WHAT TO PRODUCE: Restate the entries below exactly. Images are not part of the copy.

DATASET:
*** Begin section ***
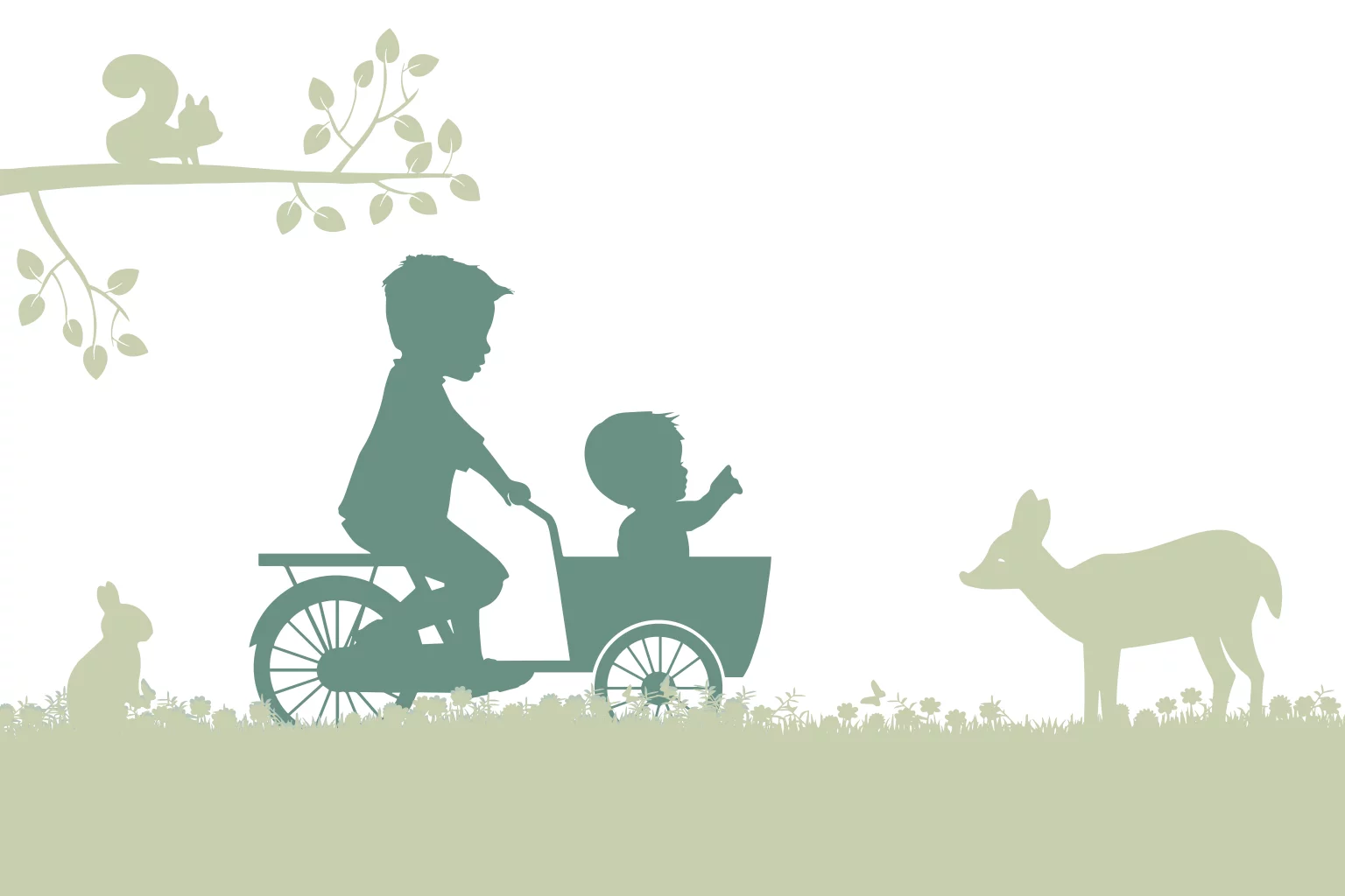 Een vrolijk groen geboortekaartje met doorkijkje. Op het kaartje zie je verschillende bosdieren en grote broer die zijn kleine broertje rond rijdt in de bakfiets. Op het kaartje zie je verschillende bosdieren als een eekhoorntje, konijn en hertje. Pas het kaartje naar wens aan in onze online editor.
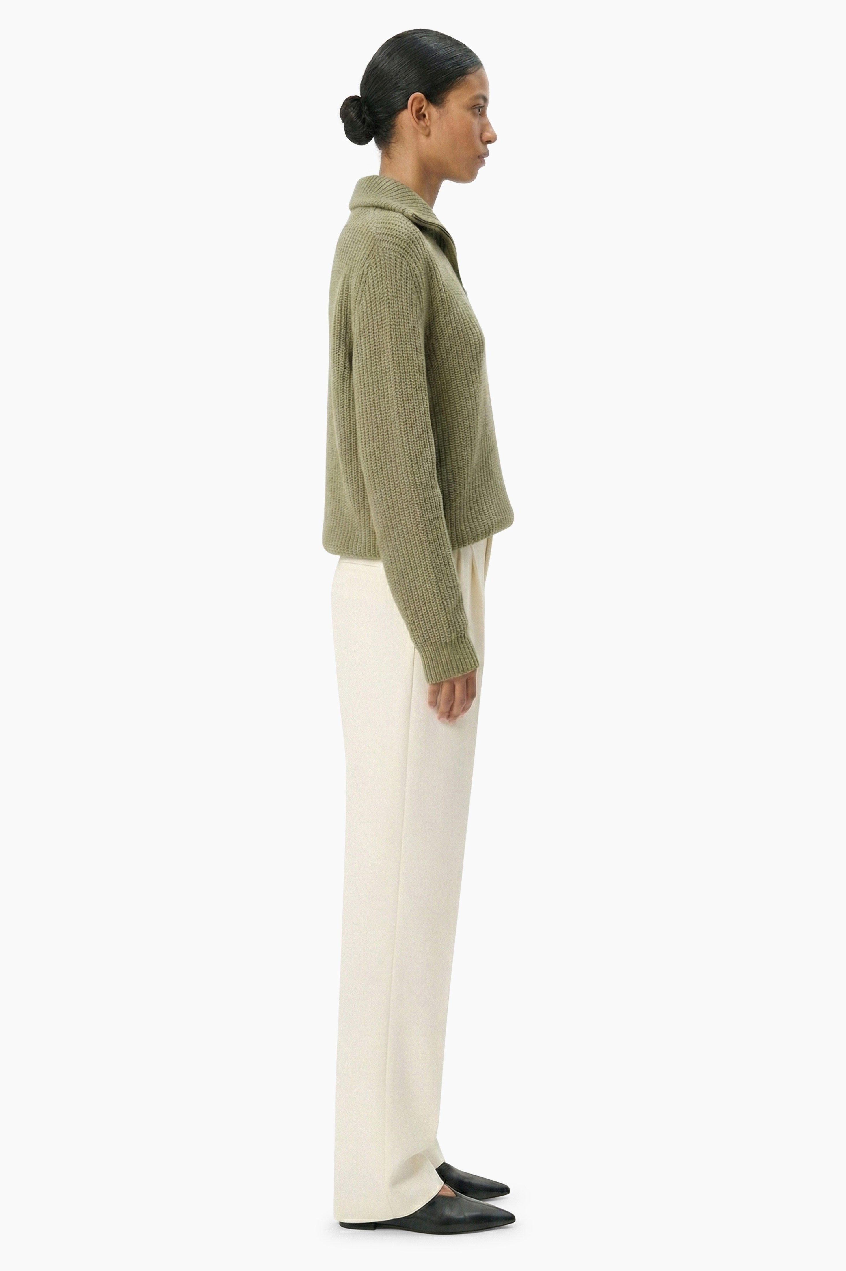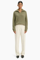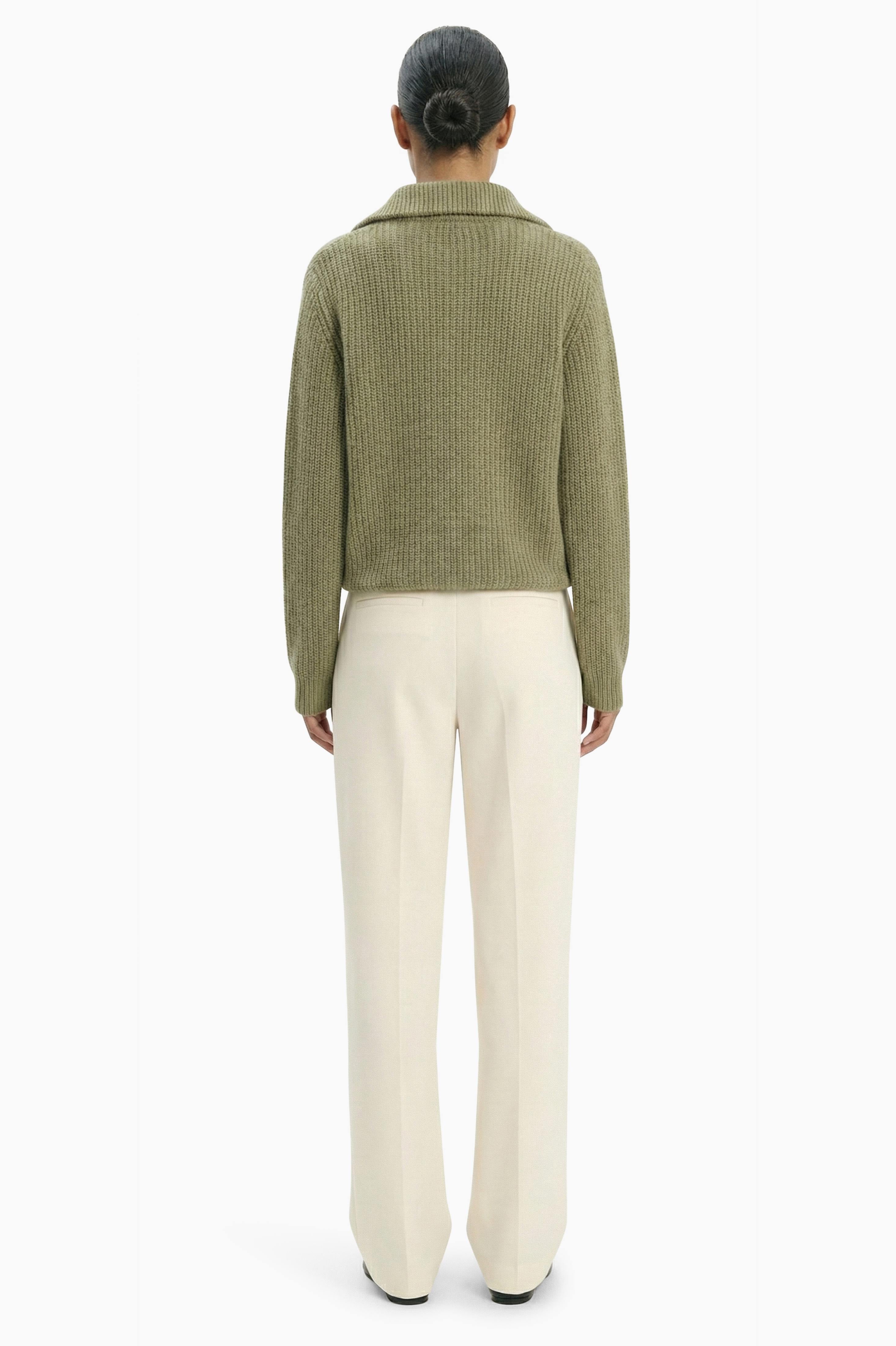 The Millie Quarter-Zip Ribbed Sweater blends casual ease with luxurious comfort. Crafted from 100% cashmere, it features a folded neck with a quarter-zip closure, ribbed detailing, and a relaxed fit. Soft, cozy, and versatile, it’s perfect for layering or wearing on its own for effortless style.
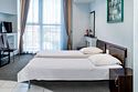 кабельное телевидение, Wi-Fi, интернет, телефон, холодильник, кондиционер, настольные лампы, фен, микроволновая печь, радио, душевая кабина, биде, халаты, тапочки, косметические средства, двуспальная кровать, шкаф для одежды, вешалки, зеркало, унитаз, раковина, душ, вид на город, стул, туалетные средства, туалет, внутренний телефон, рабочий столВ номере
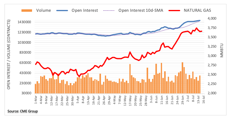 Open interest in natural gas futures markets increased for the fourth straight session on Wednesday, now by more than 7K contracts according to preliminary prints from CME Group. In the same line, volume extended the choppy performance and rose by around 97.3K contracts.
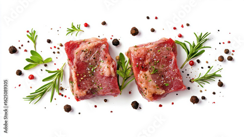 Meat pork with herbs and spices, floating in the air. on a white background, 3d illustration.
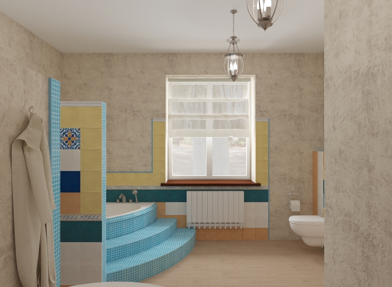 Я бы все же стеклянную сделала душевую, смотрится воздушнее. Хотя место там у ас позволяет сделать перегородку. И тоже за лавочку, это очень удобно. А унитаз и раковину тогда можно перенести ко входу. Получится у окна зона релакса, а у входа зона "быстрых дел". Подумайте начет биде, место позволяет. И не увлекайтесь разного цвета плиткой. Посмотрите картинки западных интерьеров - сочетание одного - двух видов плитки и краски либо штукатурки. Интересно играют с разной раскладкой, как на картинках выше. Именно это и создает южный теплый интерьер.
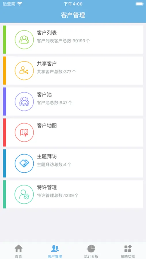 “行销”主要由工作安排、客户列表、统计分析、消息提醒和辅助功能五大模块组成。各模块详细功能如下:
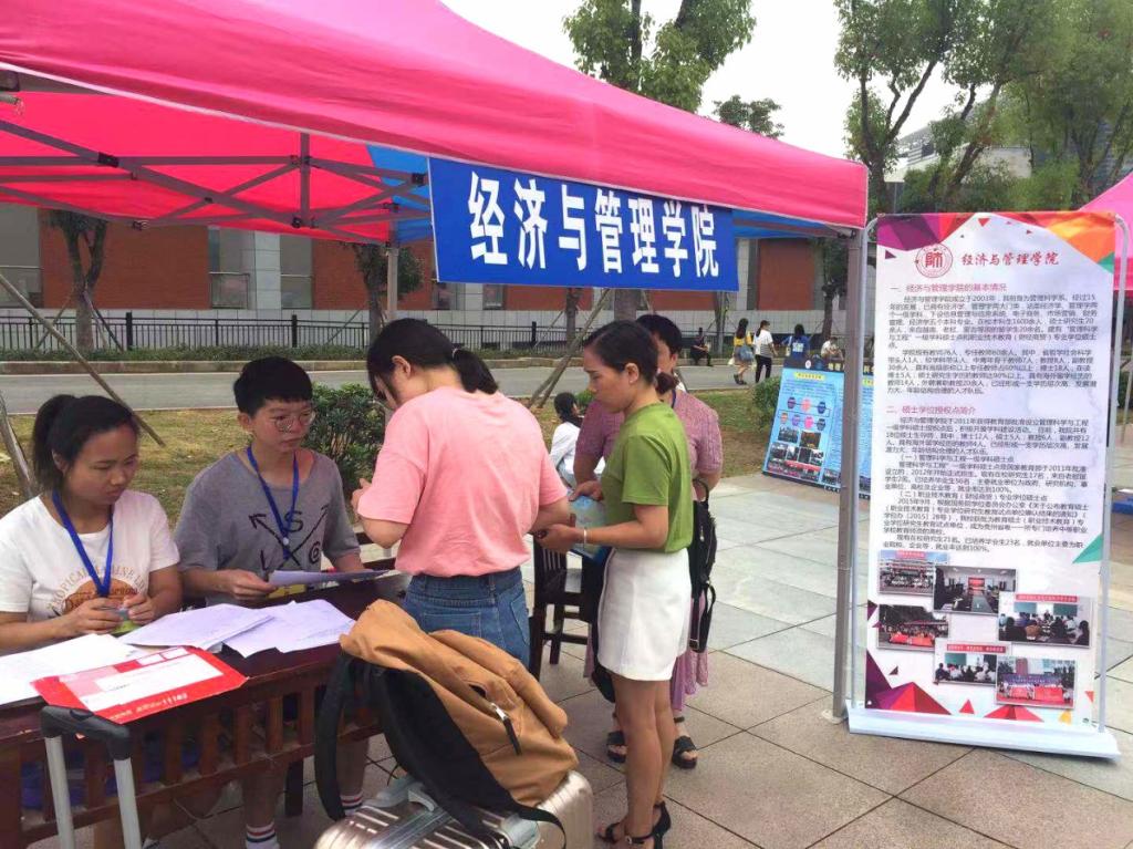 8月29日,2026世界杯官网迎新工作小组在行政楼前迎新点迎接2019级研究生新生入学报到。
*** End section ***
SOLUTION TO THE EXERCISE:
 Een vrolijk groen geboortekaartje met doorkijkje. Op het kaartje zie je verschillende bosdieren en grote broer die zijn kleine broertje rond rijdt in de bakfiets. Op het kaartje zie je verschillende bosdieren als een eekhoorntje, konijn en hertje. Pas het kaartje naar wens aan in onze online editor.
 The Millie Quarter-Zip Ribbed Sweater blends casual ease with luxurious comfort. Crafted from 100% cashmere, it features a folded neck with a quarter-zip closure, ribbed detailing, and a relaxed fit. Soft, cozy, and versatile, it’s perfect for layering or wearing on its own for effortless style.
 кабельное телевидение, Wi-Fi, интернет, телефон, холодильник, кондиционер, настольные лампы, фен, микроволновая печь, радио, душевая кабина, биде, халаты, тапочки, косметические средства, двуспальная кровать, шкаф для одежды, вешалки, зеркало, унитаз, раковина, душ, вид на город, стул, туалетные средства, туалет, внутренний телефон, рабочий столВ номере
 Open interest in natural gas futures markets increased for the fourth straight session on Wednesday, now by more than 7K contracts according to preliminary prints from CME Group. In the same line, volume extended the choppy performance and rose by around 97.3K contracts.
 Meat pork with herbs and spices, floating in the air. on a white background, 3d illustration.
 Я бы все же стеклянную сделала душевую, смотрится воздушнее. Хотя место там у ас позволяет сделать перегородку. И тоже за лавочку, это очень удобно. А унитаз и раковину тогда можно перенести ко входу. Получится у окна зона релакса, а у входа зона "быстрых дел". Подумайте начет биде, место позволяет. И не увлекайтесь разного цвета плиткой. Посмотрите картинки западных интерьеров - сочетание одного - двух видов плитки и краски либо штукатурки. Интересно играют с разной раскладкой, как на картинках выше. Именно это и создает южный теплый интерьер.
 “行销”主要由工作安排、客户列表、统计分析、消息提醒和辅助功能五大模块组成。各模块详细功能如下:
 8月29日,2026世界杯官网迎新工作小组在行政楼前迎新点迎接2019级研究生新生入学报到。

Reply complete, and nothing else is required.